All figures in €'000 31 Dec. 2020 31 Dec. 2019
Current Non-current Total Current Non-current Total
Liabilities due to MLP consultants and branch office managers 49,352 17,695 67,047 48,485 19,273 67,758
Leasing liabilities 10,473 40,684 51,157 10,769 43,387 54,156
Trade accounts payable 33,760 - 33,760 28,173 - 28,173
Personnel-related liabilities 32,858 - 32,858 28,955 - 28,955
Liabilities due to underwriting business 28,056 - 28,056 24,882 - 24,882
Purchase price liabilities - 19,063 19,063 - 18,279 18,279
Liabilities due to other taxes 9,243 - 9,243 9,072 - 9,072
Liabilities due to banks 3,244 5,007 8,251 31 1,500 1,531
Liabilities due to social security contributions 7 - 7 15 - 15
Other liabilities 13,771 2,510 16,281 15,190 2,558 17,748
Total 180,763 84,959 265,722 165,571 84,997 250,568

Liabilities due to MLP consultants and branch office managers represent unsettled commission claims. Usually they are non-interest-bearing and due on the 15th of the month following the settlement with the insurance company. Since 1 January 2018, additional liabilities to MLP consultants and branch office managers resulting from future commission claims need to be recognised due to the introduction of IFRS 15. As of 31 December 2020 this figure was € 25,070 thsd (previous year: € 26,515 thsd), € 17,695 thsd of this amount was non-current (previous year: € 19,273 thsd).

 

Leasing liabilities of € 51,157 thsd (previous year: € 54,156 thsd) include liabilities for lease payments on real estate of € 49,184 thsd (previous year: € 52,624 thsd) and liabilities for lease payments on vehicles of € 1,973 thsd (previous year: € 1,532 thsd). The total outflow of cash and cash equivalents for leases was € 12,036 thsd in the financial year 2020 (previous year: € 11,584 thsd).

 

Liabilities from the underwriting business include collection liabilities due to insurance companies, open third-party commission claims, as well as liabilities from claims settlement.

 

Purchase price liabilities include variable purchase price components resulting from the acquisition of the DI Group. Adjustments to the earnings targets of the DI Group were performed due to the coronavirus pandemic in the time period relevant for the purchase price.

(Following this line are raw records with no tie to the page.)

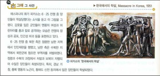 이 교과서는 북한군이 점령지에서 행한 학살을 '인민재판'이라고만 표현, 마치 적법한 재판을 거친 것처럼 誤導하였다. 양민 학살이 이뤄졌다는 地名에서도 북한군과 좌익들에 의한 학살지(서울대 병원, 대전형무소, 전라남도 등)는 제외하였다. 신천 대학살이란 미군과 아무런 관련이 없는, 북한정권이 창작한 거짓말이다. 교과서의 이런 악질적인 서술에 등장한 피카소 그림을 전교조 교사들이 어떻게 이용할 것인가?
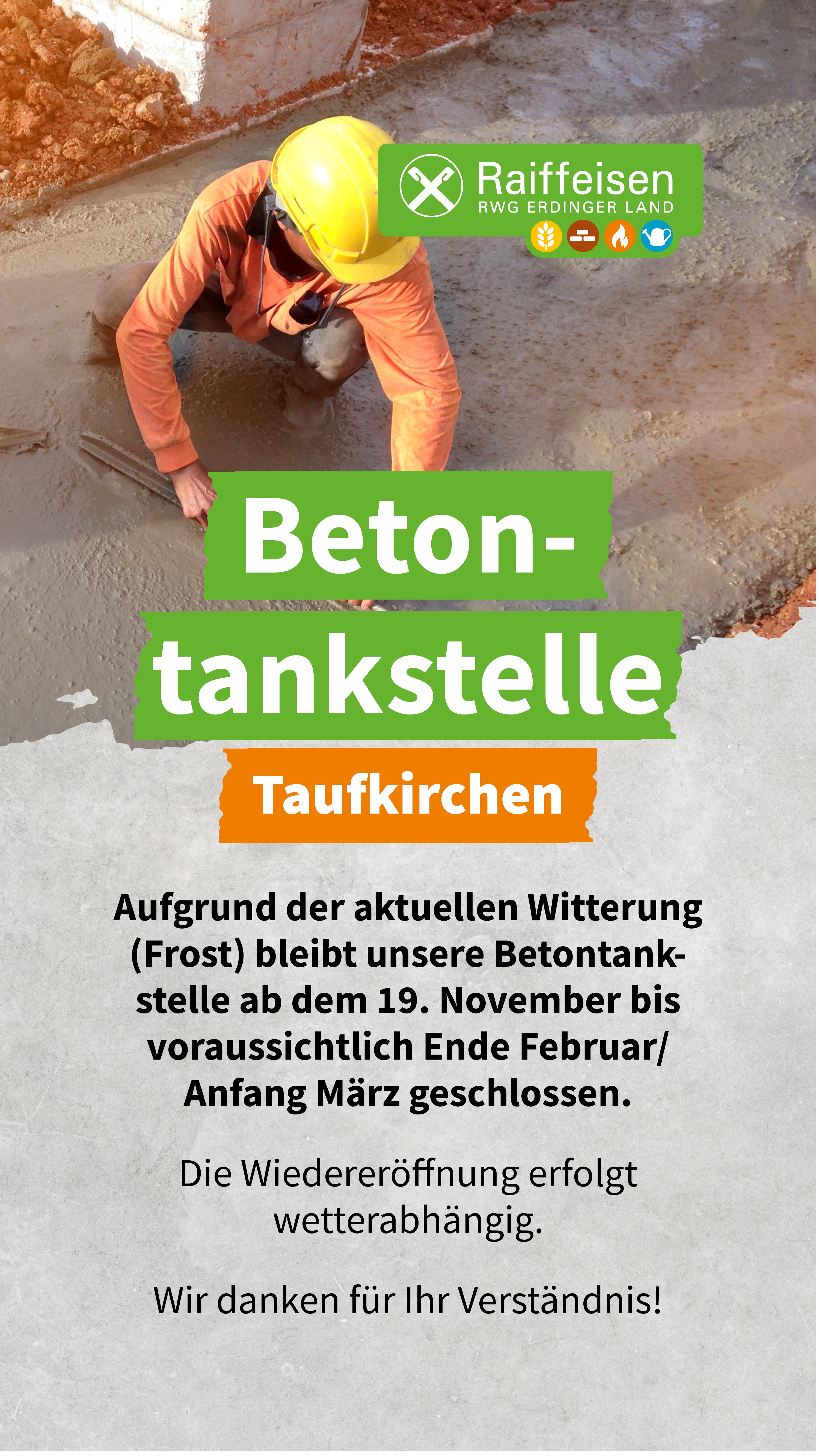 Betontankstelle RWG Taufkirchen: voraussichtlich bis Ende Februar/Anfang März geschlossen!
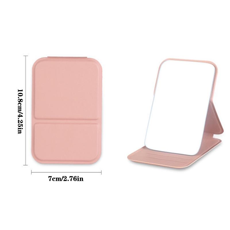Desktop-Make-up-Spiegel, einfarbig, Pu-Leder, einfacher tragbarer Hand-Make-up-Spiegel, faltbarer kompakter süßer Taschenspiegel für Studenten
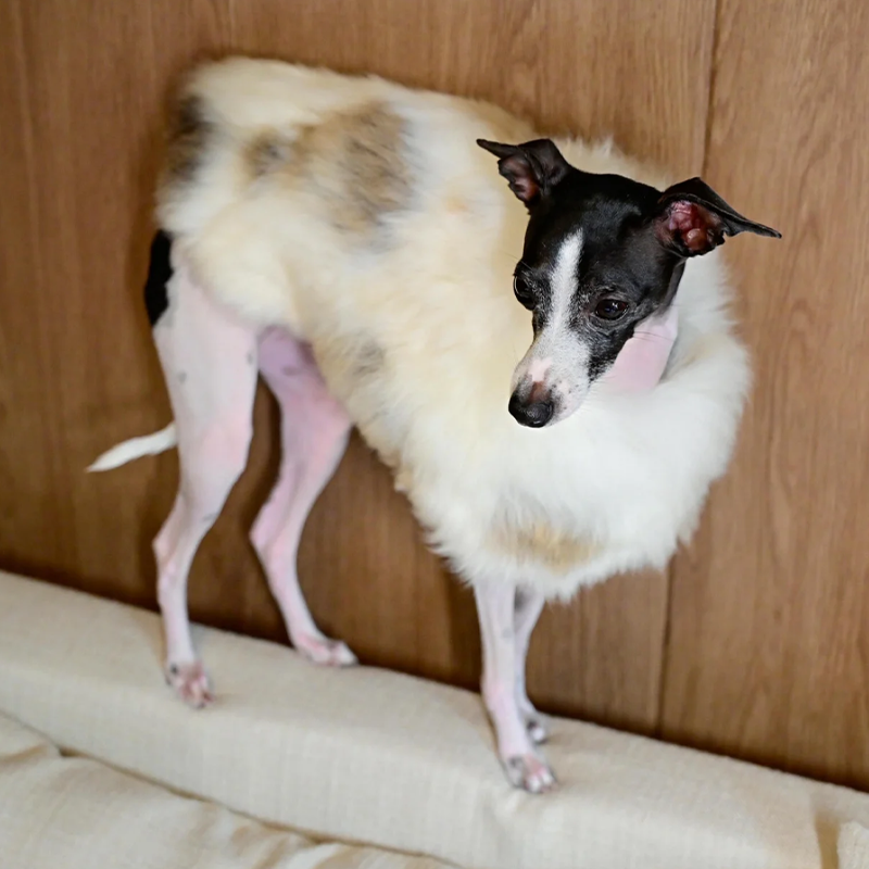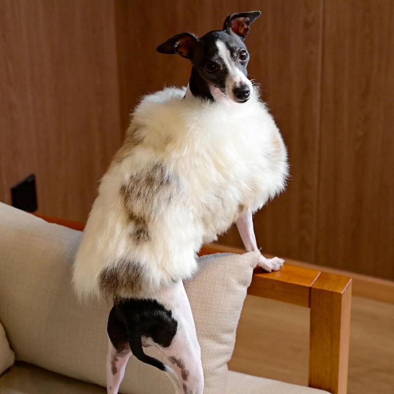 Designed for small Greyhound and Whippet dogs, this natural wool fur coat offers warm and breathable protection for cold weather. Crafted with natural tone wool fur, it provides soft insulation while maintaining a lightweight and comfortable feel. The structured outer layer is tailored to complement the slim body shape of sighthounds, delivering a secure and refined fit for winter walks or special outings. The timeless natural color enhances its elegant appearance, making it a versatile and sophisticated winter essential.
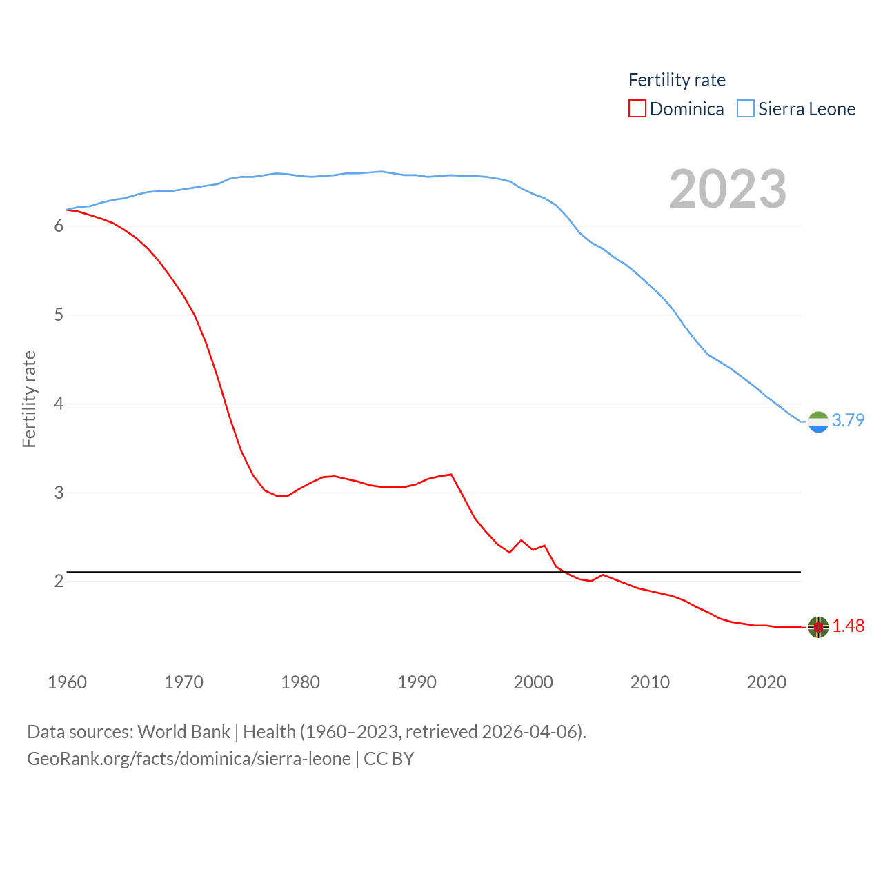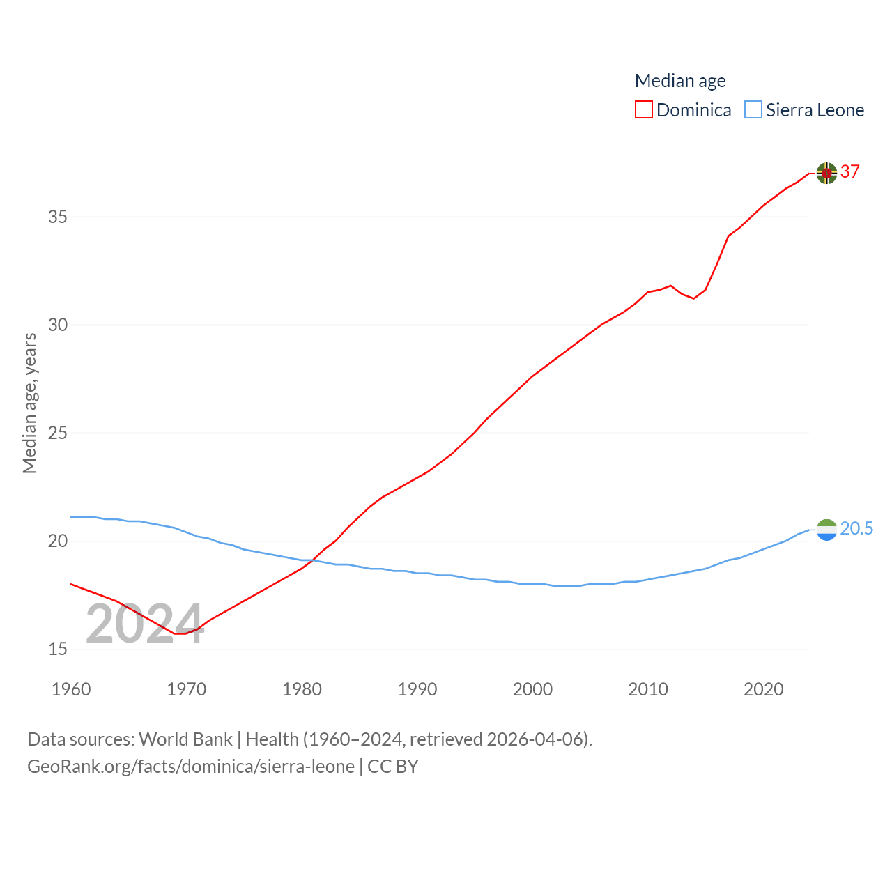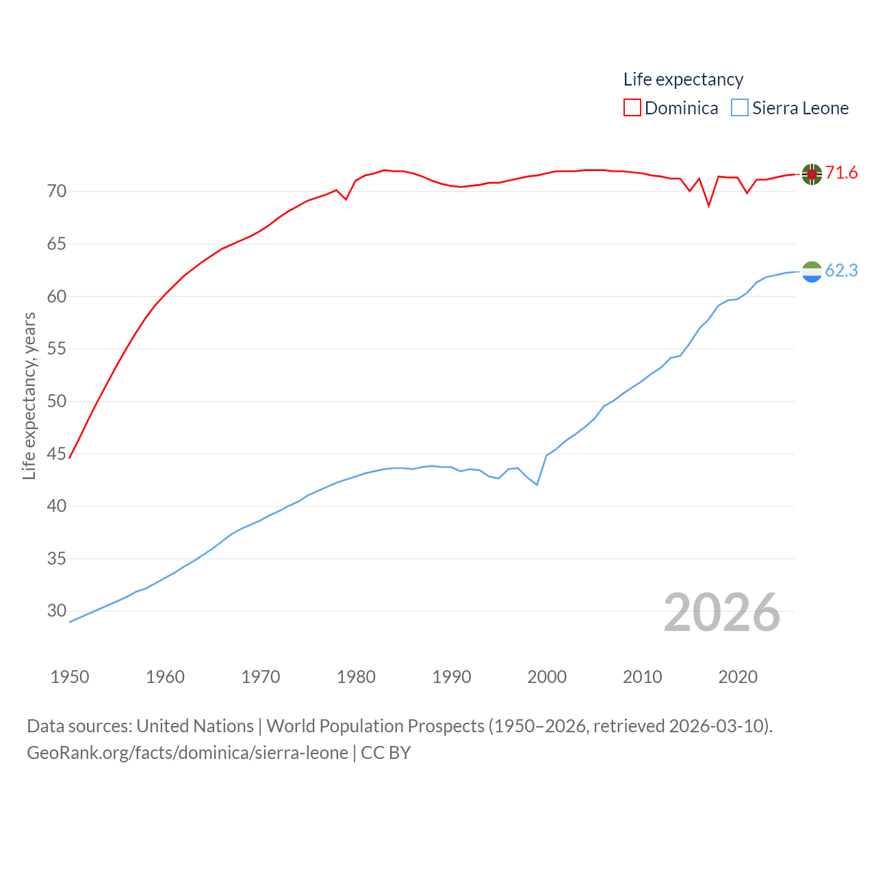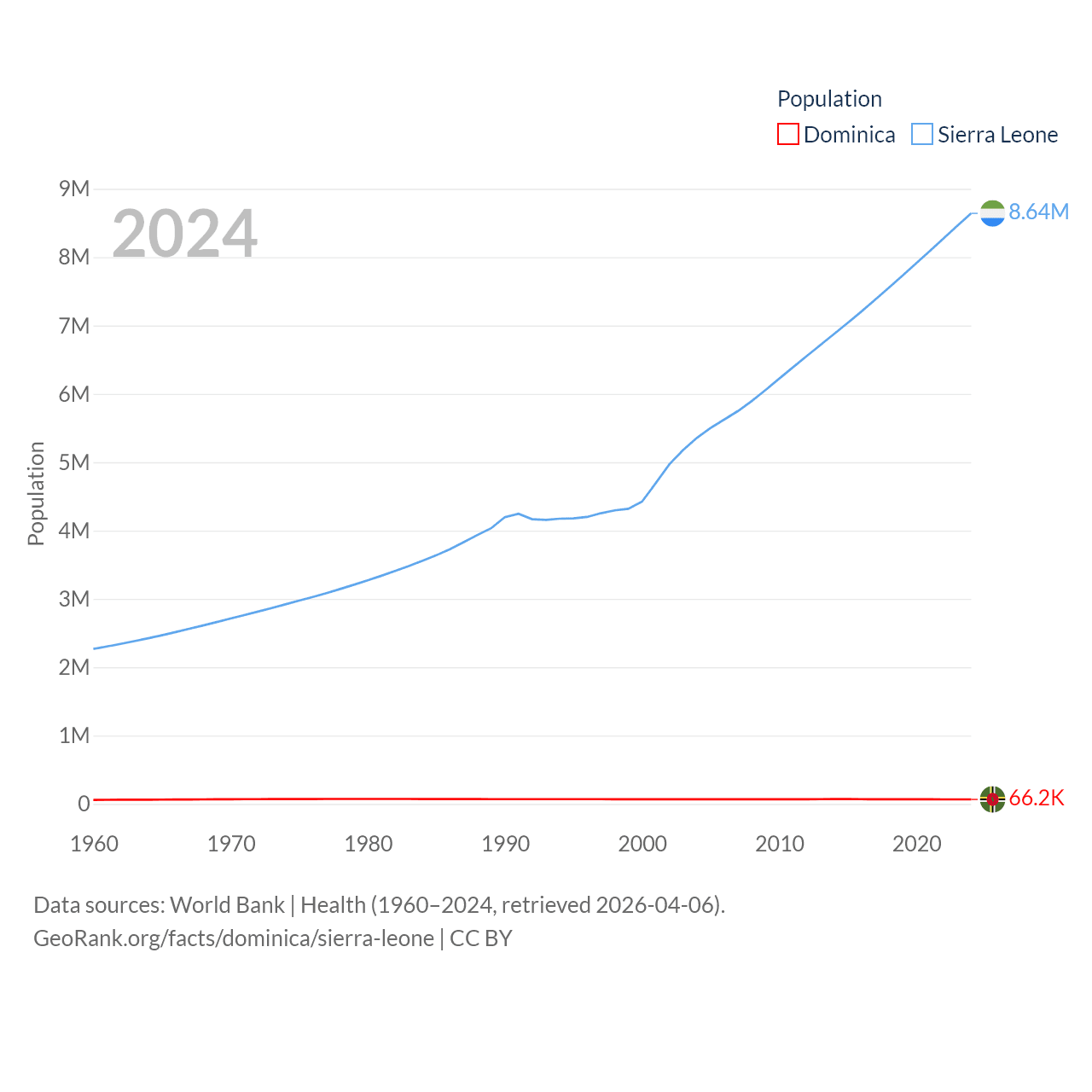 Dominica has a population of 66.2K (ranked 188/197), compared with 8.64M in Sierra Leone (ranked 102/197). Dominica's land area is 289.6 sq mi versus 27,869 sq mi for Sierra Leone (ranked 175th vs. 116th).
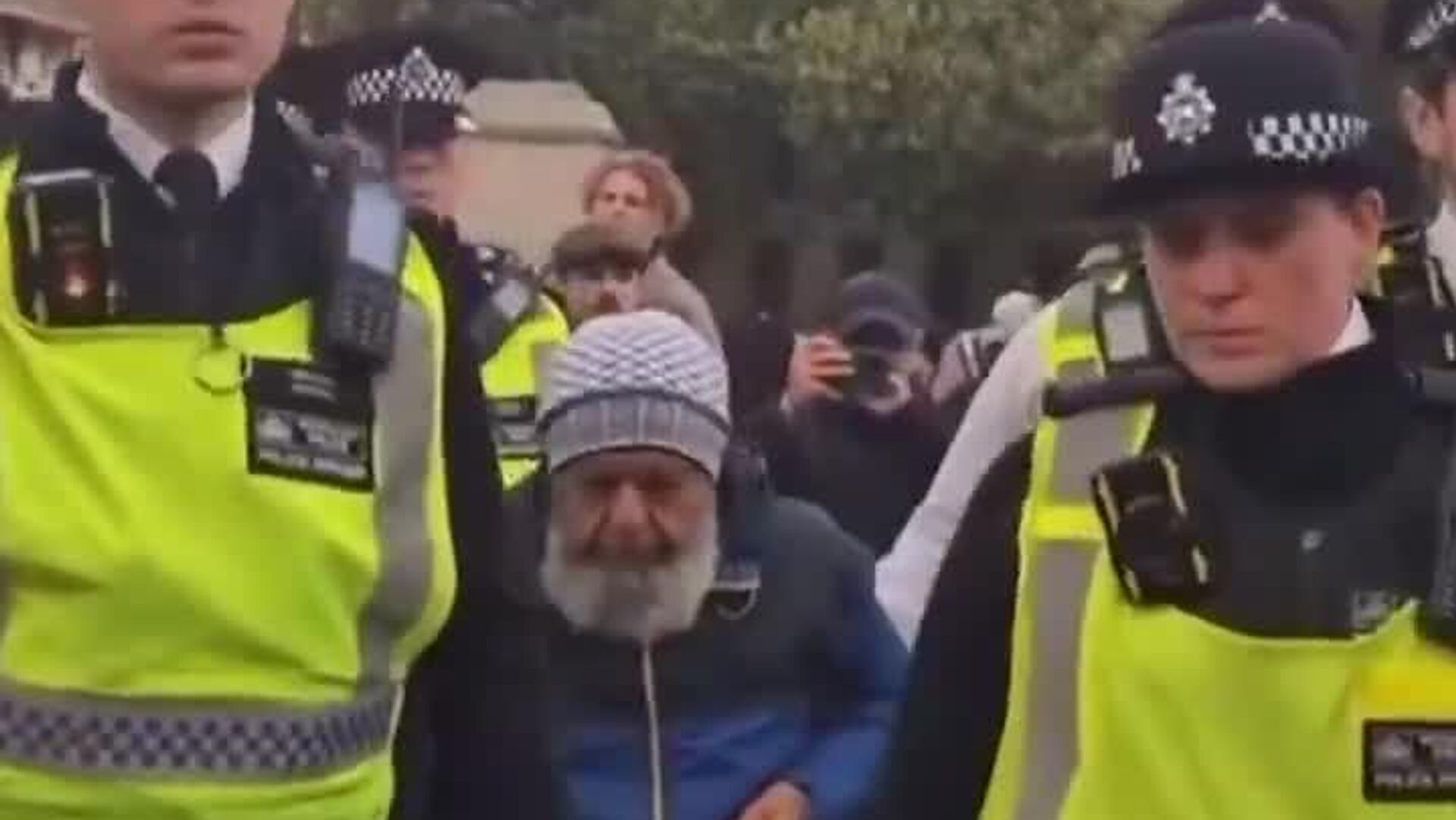 پلیس بریتانیا در جریان اعتراضات لندن در حمایت از غزه یک مرد مسن را دستگیر کرد
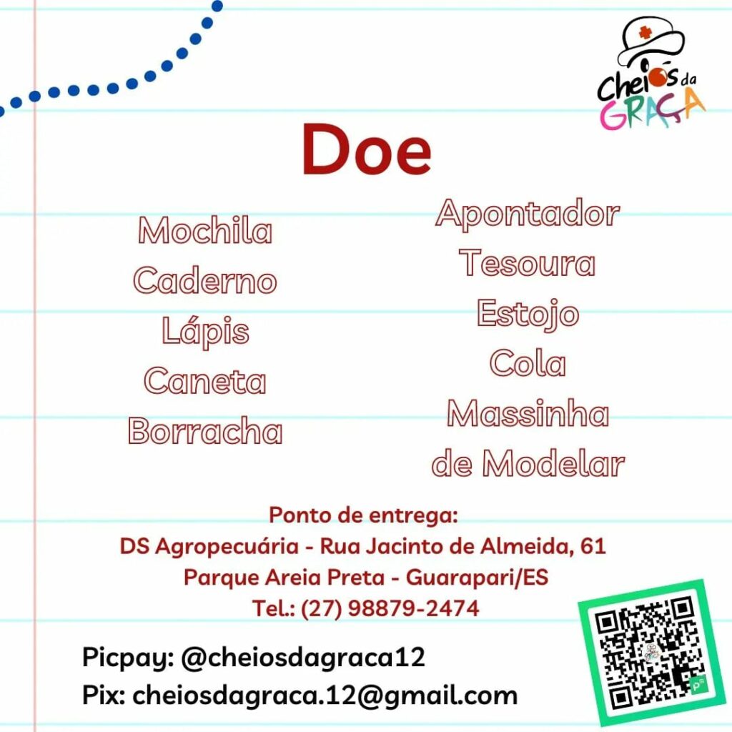 As maiores necessidades são: mochila, caderno, lápis, borracha, caneta, apontador, tesoura, estojo, cola e massinha de modelar. Os materiais devem ser entregues na DS Agropecuária, no Parque da Areia Preta, até dia 05 de fevereiro. As doações também podem ser realizadas em dinheiro através do Pix ou PicPay.
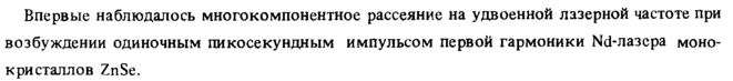 Впервые наблюдалось многокомпонентное рассеяние на удвоенной лазерной частоте при возбуждении одиночным пикосекундным импульсом первой гармоники Nd-лазера монокристаллов ZnSe.
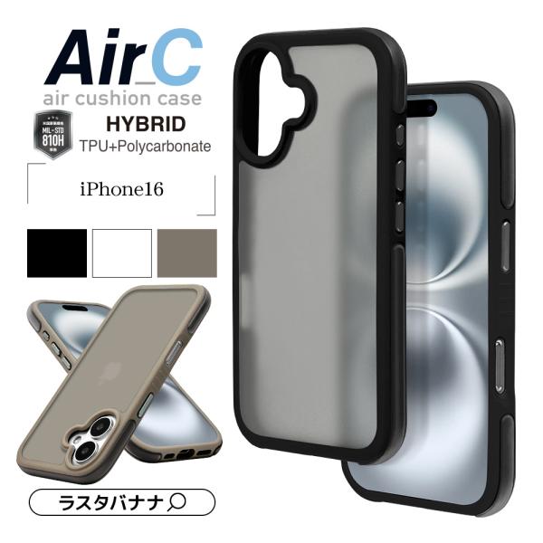 iPhone16 ケース カバー ハイブリッド Air_C 耐衝撃吸収 MIL規格 強い 頑丈 マット加工 指紋防止 TPUバンパーケース エアクッション ワイヤレス充電対応 アイフォン スマホケース ラスタバナナ
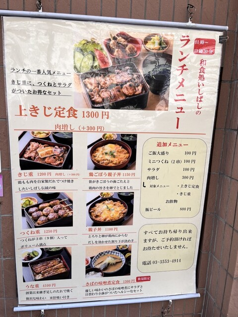 お盆には香ばしく焼かれたきじ重、鶏つくね2本、サラダ、しば漬け、お吸い物がのっています。
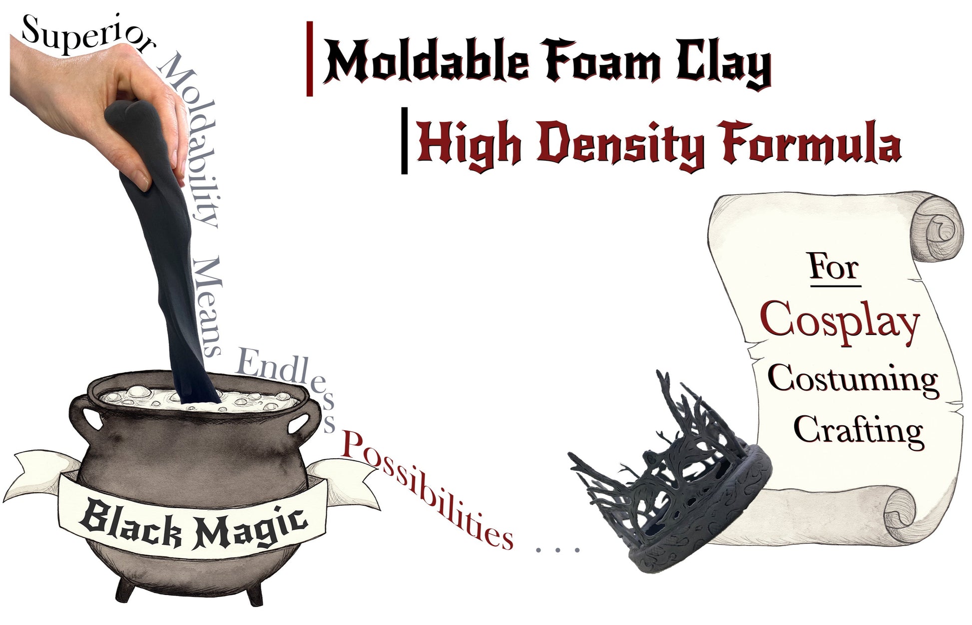Black & White Magic, by The Foamory, is an Air Dry Moldable Foam Clay for Cosplay. Our new High Density Formula allows us to supply you with the highest quality Foam Clay and an actual 300 & 900 grams of product in every container! Unlike most of our competitors who use a less dense version, something they don’t like to point out…

This leads to a reduction in the purchase price of € 1,479 thsd, which was recognised in the income statement.

 

Other liabilities comprise commissions withheld from MLP consultants due to cancellations amounting to € 2,359 thsd (previous year: € 2,291 thsd). Commissions withheld are charged with interest. Their term is mainly indefinite.

 

MLP has agreed-upon and non-utilised lines of credit amounting to € 160,029 thsd (previous year: € 168,961 thsd).

 

Further disclosures on other liabilities can be found in Note 35 and 36.